What the task asks >>
Below this line are records; write out exactly the lines from the one containing "Etter at du" through the one containing "随着剧情持续推进,我们有理由相信,《逐玉》还将不断刷新纪录、拓展边界。", with the pictures left out.

[[ Exercise data, beginning ]]

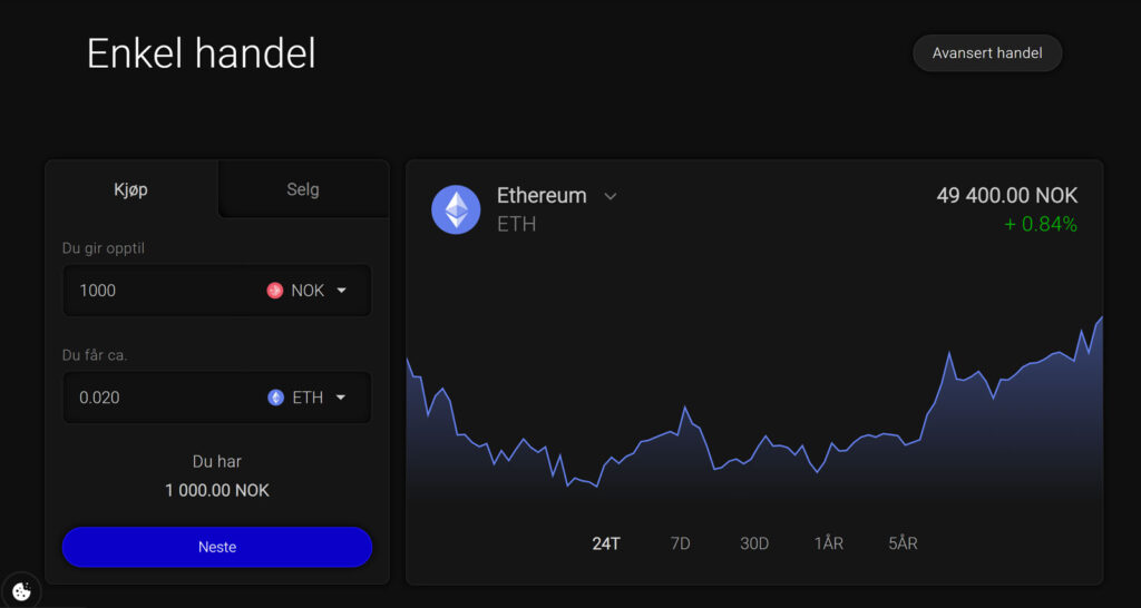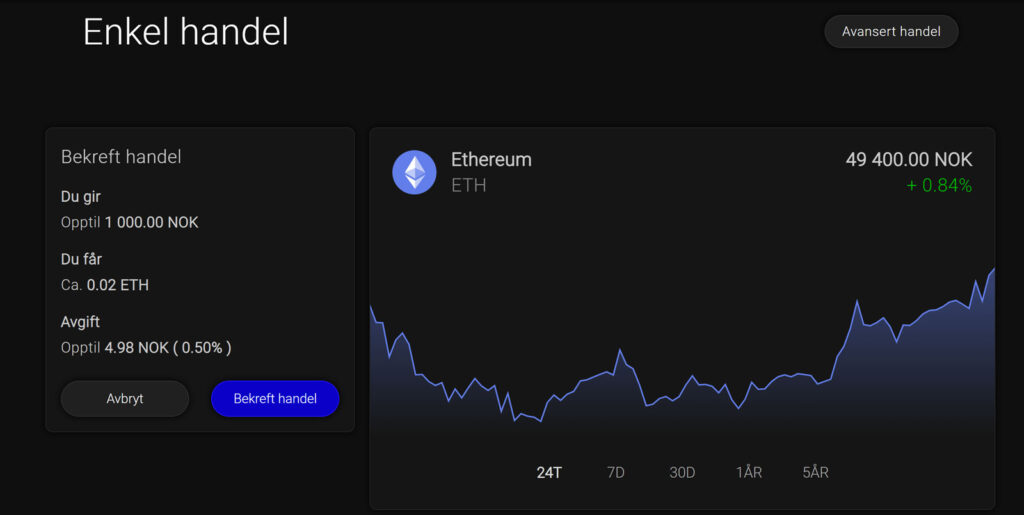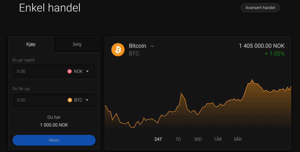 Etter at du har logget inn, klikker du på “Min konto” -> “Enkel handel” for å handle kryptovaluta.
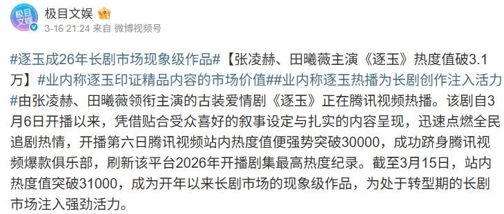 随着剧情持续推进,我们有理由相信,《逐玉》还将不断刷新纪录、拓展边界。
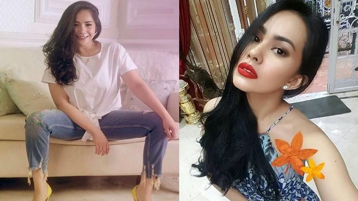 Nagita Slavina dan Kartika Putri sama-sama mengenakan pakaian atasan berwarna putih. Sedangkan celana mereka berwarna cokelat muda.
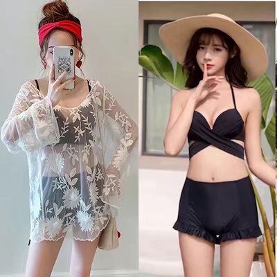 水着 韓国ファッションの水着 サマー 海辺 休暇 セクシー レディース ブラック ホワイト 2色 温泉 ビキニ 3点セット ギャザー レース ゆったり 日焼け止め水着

[[ Exercise data, end ]]
[[ Exercise data, beginning ]]

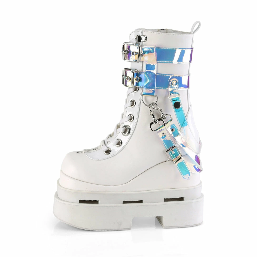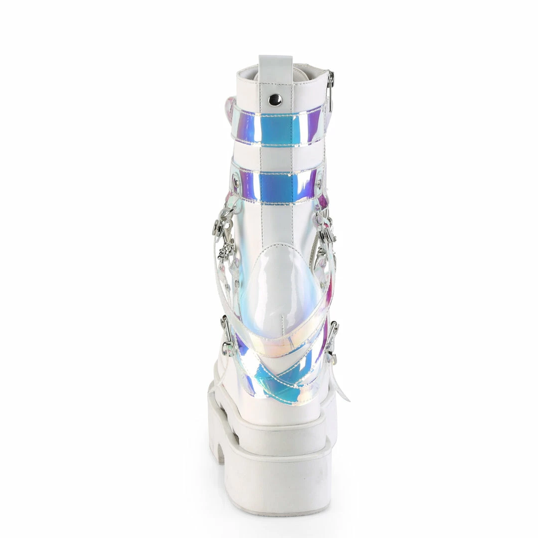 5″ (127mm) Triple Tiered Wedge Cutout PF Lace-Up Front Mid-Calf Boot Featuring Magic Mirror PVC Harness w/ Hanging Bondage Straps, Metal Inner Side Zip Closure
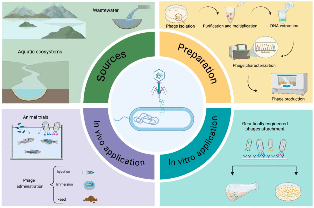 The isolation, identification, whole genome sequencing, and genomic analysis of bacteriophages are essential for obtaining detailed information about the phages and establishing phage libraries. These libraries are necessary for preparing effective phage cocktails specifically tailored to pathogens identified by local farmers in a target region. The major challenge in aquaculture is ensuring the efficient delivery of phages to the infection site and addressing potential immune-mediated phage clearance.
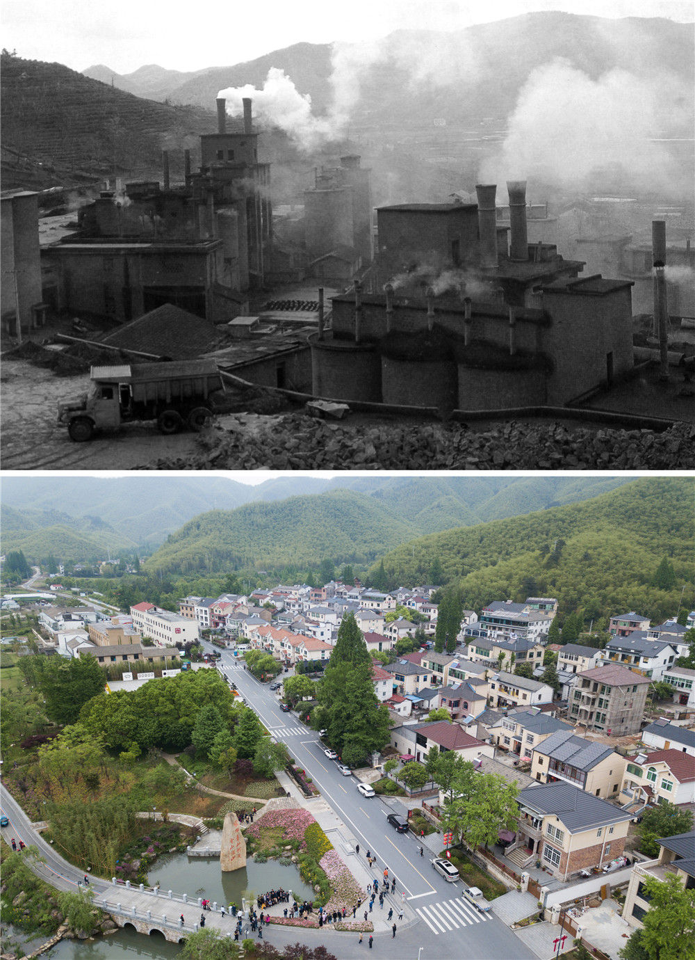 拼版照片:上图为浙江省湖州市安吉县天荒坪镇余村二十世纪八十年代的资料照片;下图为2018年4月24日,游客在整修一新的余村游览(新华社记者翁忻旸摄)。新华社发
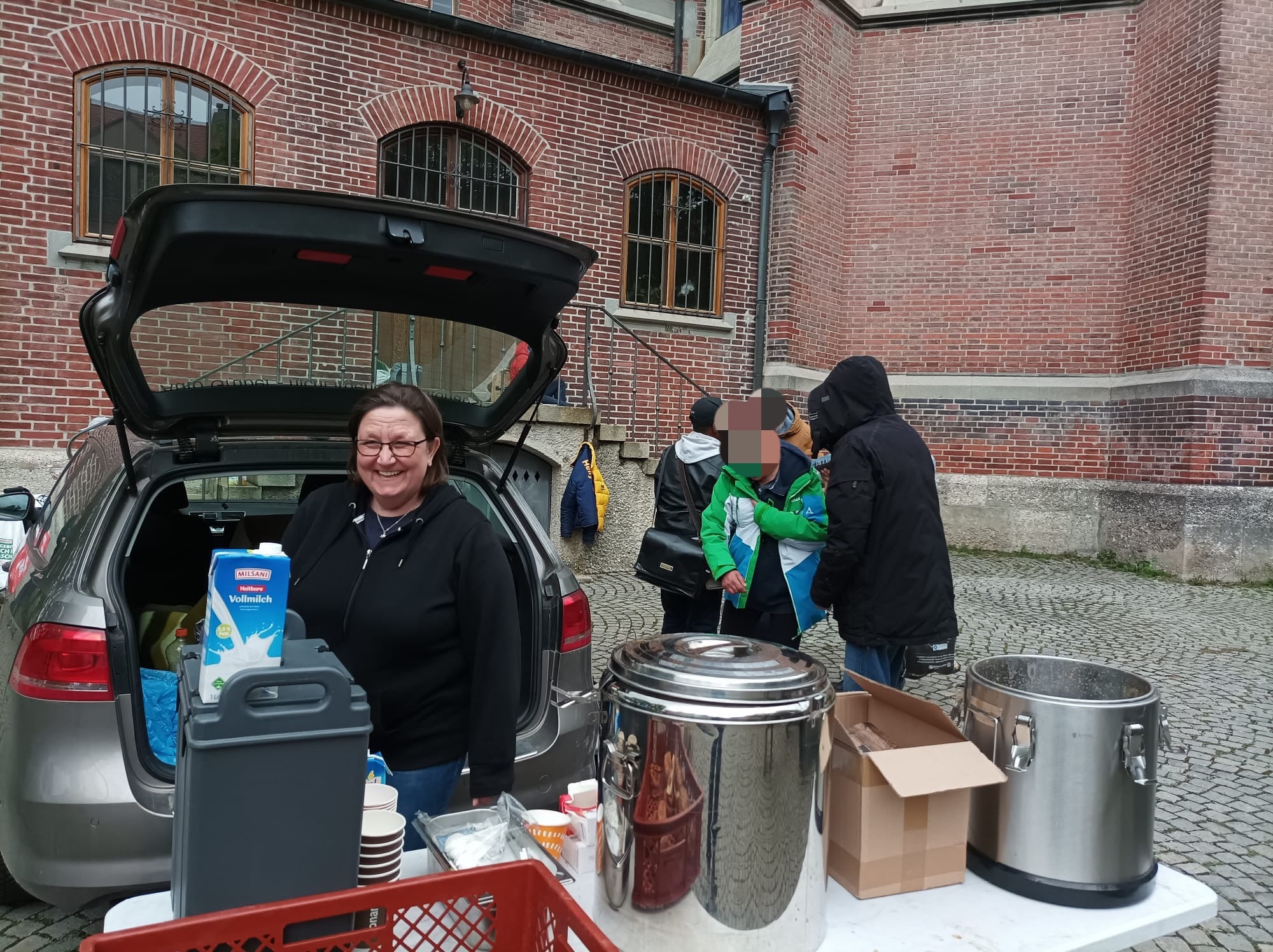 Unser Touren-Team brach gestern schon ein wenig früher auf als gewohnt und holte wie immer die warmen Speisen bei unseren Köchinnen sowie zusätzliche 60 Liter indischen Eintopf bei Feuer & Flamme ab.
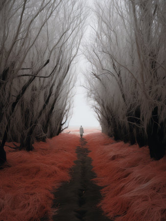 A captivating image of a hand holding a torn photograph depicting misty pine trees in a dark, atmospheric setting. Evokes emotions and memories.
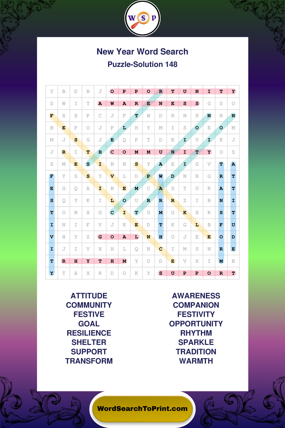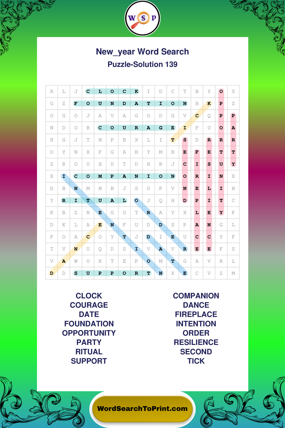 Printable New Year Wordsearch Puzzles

[[ Exercise data, end ]]

Solution below >>
 Etter at du har logget inn, klikker du på “Min konto” -> “Enkel handel” for å handle kryptovaluta.
 随着剧情持续推进,我们有理由相信,《逐玉》还将不断刷新纪录、拓展边界。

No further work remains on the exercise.